** What you need to do **
Your task is to reproduce the listing exactly, without its images.

** Given entries **
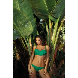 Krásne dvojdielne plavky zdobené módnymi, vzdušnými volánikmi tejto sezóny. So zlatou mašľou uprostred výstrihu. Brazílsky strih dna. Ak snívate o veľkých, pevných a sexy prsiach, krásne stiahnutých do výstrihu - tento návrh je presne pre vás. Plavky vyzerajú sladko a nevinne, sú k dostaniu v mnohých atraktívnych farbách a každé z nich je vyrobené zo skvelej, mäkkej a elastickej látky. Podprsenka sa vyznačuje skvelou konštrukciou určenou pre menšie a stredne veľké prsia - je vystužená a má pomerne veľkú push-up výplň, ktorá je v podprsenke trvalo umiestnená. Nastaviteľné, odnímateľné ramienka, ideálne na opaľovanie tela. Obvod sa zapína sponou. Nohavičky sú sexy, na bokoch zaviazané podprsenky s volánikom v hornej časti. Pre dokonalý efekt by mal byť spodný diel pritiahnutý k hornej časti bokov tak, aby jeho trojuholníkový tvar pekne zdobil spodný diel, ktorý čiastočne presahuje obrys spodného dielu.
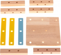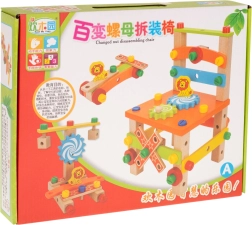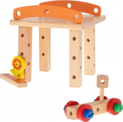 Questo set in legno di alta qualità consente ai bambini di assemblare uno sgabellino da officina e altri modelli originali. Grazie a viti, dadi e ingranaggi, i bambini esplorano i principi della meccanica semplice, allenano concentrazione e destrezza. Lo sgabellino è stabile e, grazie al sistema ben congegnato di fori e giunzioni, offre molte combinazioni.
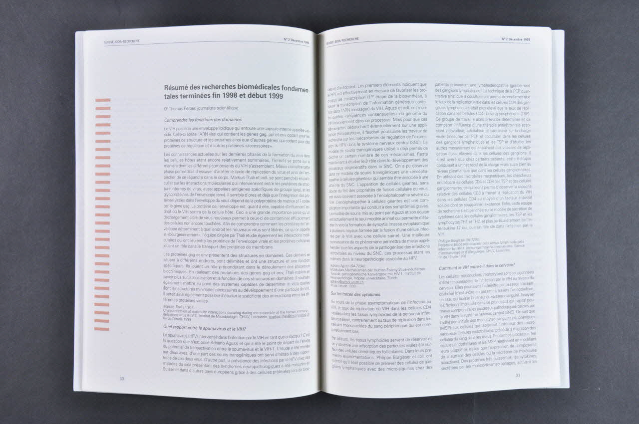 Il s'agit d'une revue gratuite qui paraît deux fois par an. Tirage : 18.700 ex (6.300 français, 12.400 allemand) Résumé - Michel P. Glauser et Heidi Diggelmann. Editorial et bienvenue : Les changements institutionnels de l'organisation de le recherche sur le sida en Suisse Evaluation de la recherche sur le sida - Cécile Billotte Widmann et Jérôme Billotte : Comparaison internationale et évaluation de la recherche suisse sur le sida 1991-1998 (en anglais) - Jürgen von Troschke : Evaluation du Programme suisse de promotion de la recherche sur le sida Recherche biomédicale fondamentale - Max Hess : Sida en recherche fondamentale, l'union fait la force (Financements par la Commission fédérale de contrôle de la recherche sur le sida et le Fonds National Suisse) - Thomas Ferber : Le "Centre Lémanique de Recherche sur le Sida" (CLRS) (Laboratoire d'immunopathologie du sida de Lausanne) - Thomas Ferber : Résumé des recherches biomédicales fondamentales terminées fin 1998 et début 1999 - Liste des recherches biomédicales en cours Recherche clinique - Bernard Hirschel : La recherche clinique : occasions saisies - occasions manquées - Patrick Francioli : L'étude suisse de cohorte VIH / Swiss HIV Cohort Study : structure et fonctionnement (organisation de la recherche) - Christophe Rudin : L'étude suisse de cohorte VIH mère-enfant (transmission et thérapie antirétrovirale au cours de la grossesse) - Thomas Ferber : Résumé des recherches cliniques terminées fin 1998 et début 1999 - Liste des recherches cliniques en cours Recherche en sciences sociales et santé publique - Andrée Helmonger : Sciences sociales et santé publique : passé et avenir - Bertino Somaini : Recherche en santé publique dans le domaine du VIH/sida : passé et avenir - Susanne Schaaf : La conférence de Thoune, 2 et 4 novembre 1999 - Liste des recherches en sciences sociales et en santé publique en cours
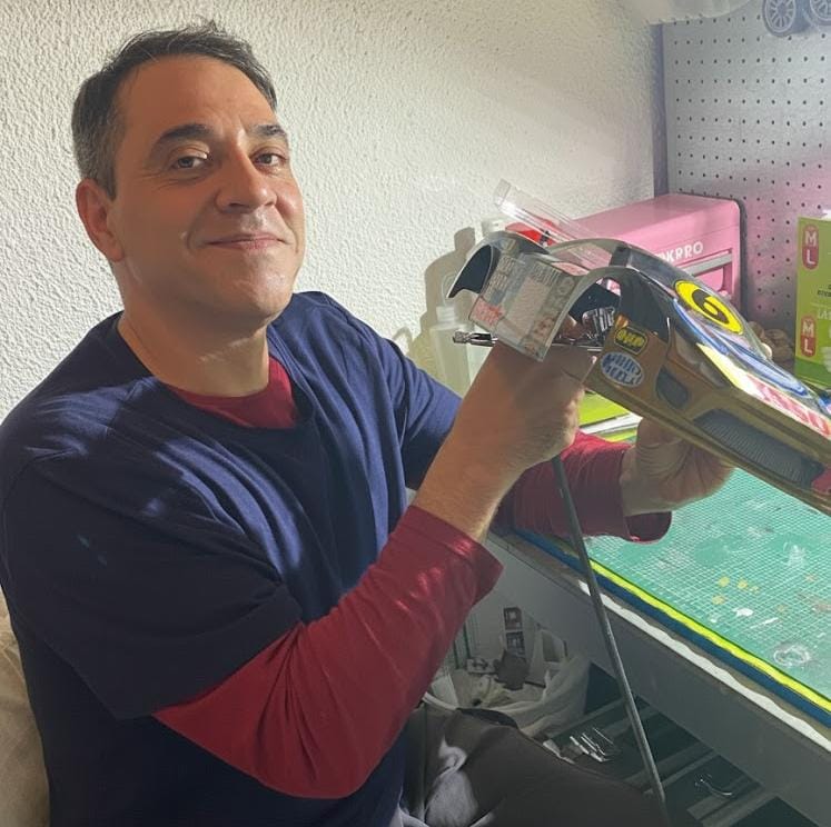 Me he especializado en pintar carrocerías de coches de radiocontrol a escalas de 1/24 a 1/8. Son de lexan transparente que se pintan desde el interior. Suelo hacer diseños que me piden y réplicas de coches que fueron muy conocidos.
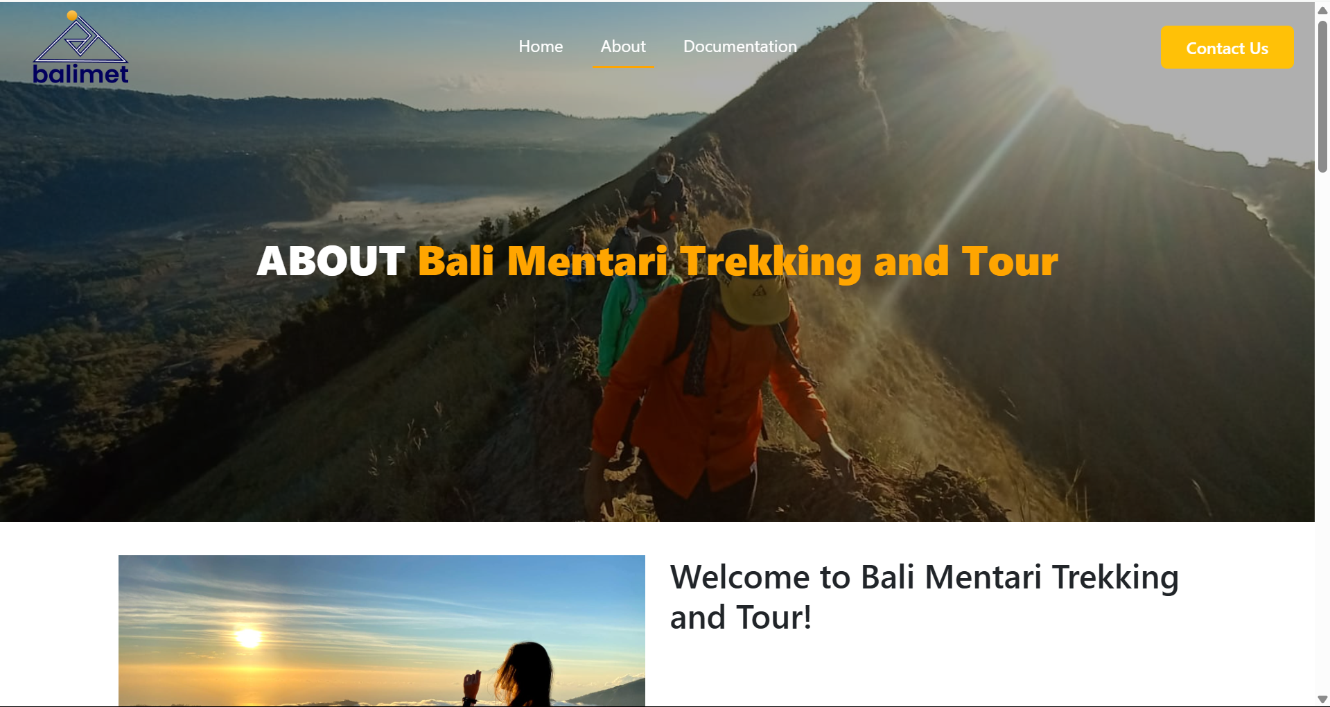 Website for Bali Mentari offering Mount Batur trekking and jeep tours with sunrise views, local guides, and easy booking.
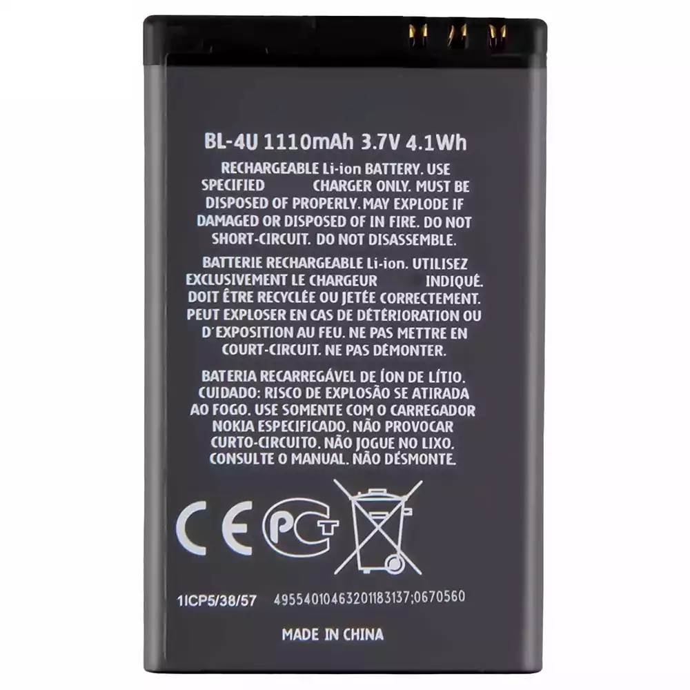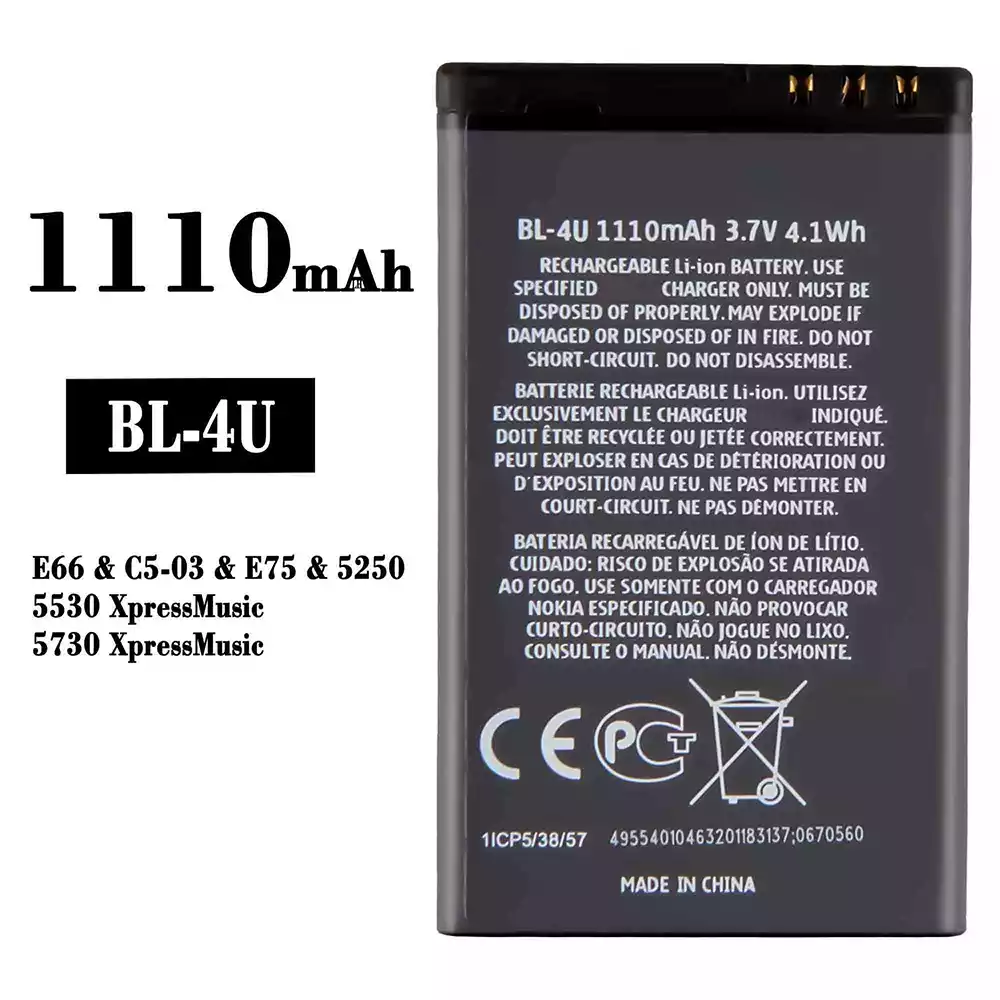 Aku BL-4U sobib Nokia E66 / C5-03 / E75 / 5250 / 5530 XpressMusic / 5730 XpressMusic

** Result of this task **
 Krásne dvojdielne plavky zdobené módnymi, vzdušnými volánikmi tejto sezóny. So zlatou mašľou uprostred výstrihu. Brazílsky strih dna. Ak snívate o veľkých, pevných a sexy prsiach, krásne stiahnutých do výstrihu - tento návrh je presne pre vás. Plavky vyzerajú sladko a nevinne, sú k dostaniu v mnohých atraktívnych farbách a každé z nich je vyrobené zo skvelej, mäkkej a elastickej látky. Podprsenka sa vyznačuje skvelou konštrukciou určenou pre menšie a stredne veľké prsia - je vystužená a má pomerne veľkú push-up výplň, ktorá je v podprsenke trvalo umiestnená. Nastaviteľné, odnímateľné ramienka, ideálne na opaľovanie tela. Obvod sa zapína sponou. Nohavičky sú sexy, na bokoch zaviazané podprsenky s volánikom v hornej časti. Pre dokonalý efekt by mal byť spodný diel pritiahnutý k hornej časti bokov tak, aby jeho trojuholníkový tvar pekne zdobil spodný diel, ktorý čiastočne presahuje obrys spodného dielu.
 Questo set in legno di alta qualità consente ai bambini di assemblare uno sgabellino da officina e altri modelli originali. Grazie a viti, dadi e ingranaggi, i bambini esplorano i principi della meccanica semplice, allenano concentrazione e destrezza. Lo sgabellino è stabile e, grazie al sistema ben congegnato di fori e giunzioni, offre molte combinazioni.
 Il s'agit d'une revue gratuite qui paraît deux fois par an. Tirage : 18.700 ex (6.300 français, 12.400 allemand) Résumé - Michel P. Glauser et Heidi Diggelmann. Editorial et bienvenue : Les changements institutionnels de l'organisation de le recherche sur le sida en Suisse Evaluation de la recherche sur le sida - Cécile Billotte Widmann et Jérôme Billotte : Comparaison internationale et évaluation de la recherche suisse sur le sida 1991-1998 (en anglais) - Jürgen von Troschke : Evaluation du Programme suisse de promotion de la recherche sur le sida Recherche biomédicale fondamentale - Max Hess : Sida en recherche fondamentale, l'union fait la force (Financements par la Commission fédérale de contrôle de la recherche sur le sida et le Fonds National Suisse) - Thomas Ferber : Le "Centre Lémanique de Recherche sur le Sida" (CLRS) (Laboratoire d'immunopathologie du sida de Lausanne) - Thomas Ferber : Résumé des recherches biomédicales fondamentales terminées fin 1998 et début 1999 - Liste des recherches biomédicales en cours Recherche clinique - Bernard Hirschel : La recherche clinique : occasions saisies - occasions manquées - Patrick Francioli : L'étude suisse de cohorte VIH / Swiss HIV Cohort Study : structure et fonctionnement (organisation de la recherche) - Christophe Rudin : L'étude suisse de cohorte VIH mère-enfant (transmission et thérapie antirétrovirale au cours de la grossesse) - Thomas Ferber : Résumé des recherches cliniques terminées fin 1998 et début 1999 - Liste des recherches cliniques en cours Recherche en sciences sociales et santé publique - Andrée Helmonger : Sciences sociales et santé publique : passé et avenir - Bertino Somaini : Recherche en santé publique dans le domaine du VIH/sida : passé et avenir - Susanne Schaaf : La conférence de Thoune, 2 et 4 novembre 1999 - Liste des recherches en sciences sociales et en santé publique en cours
 Me he especializado en pintar carrocerías de coches de radiocontrol a escalas de 1/24 a 1/8. Son de lexan transparente que se pintan desde el interior. Suelo hacer diseños que me piden y réplicas de coches que fueron muy conocidos.
 Website for Bali Mentari offering Mount Batur trekking and jeep tours with sunrise views, local guides, and easy booking.
 Aku BL-4U sobib Nokia E66 / C5-03 / E75 / 5250 / 5530 XpressMusic / 5730 XpressMusic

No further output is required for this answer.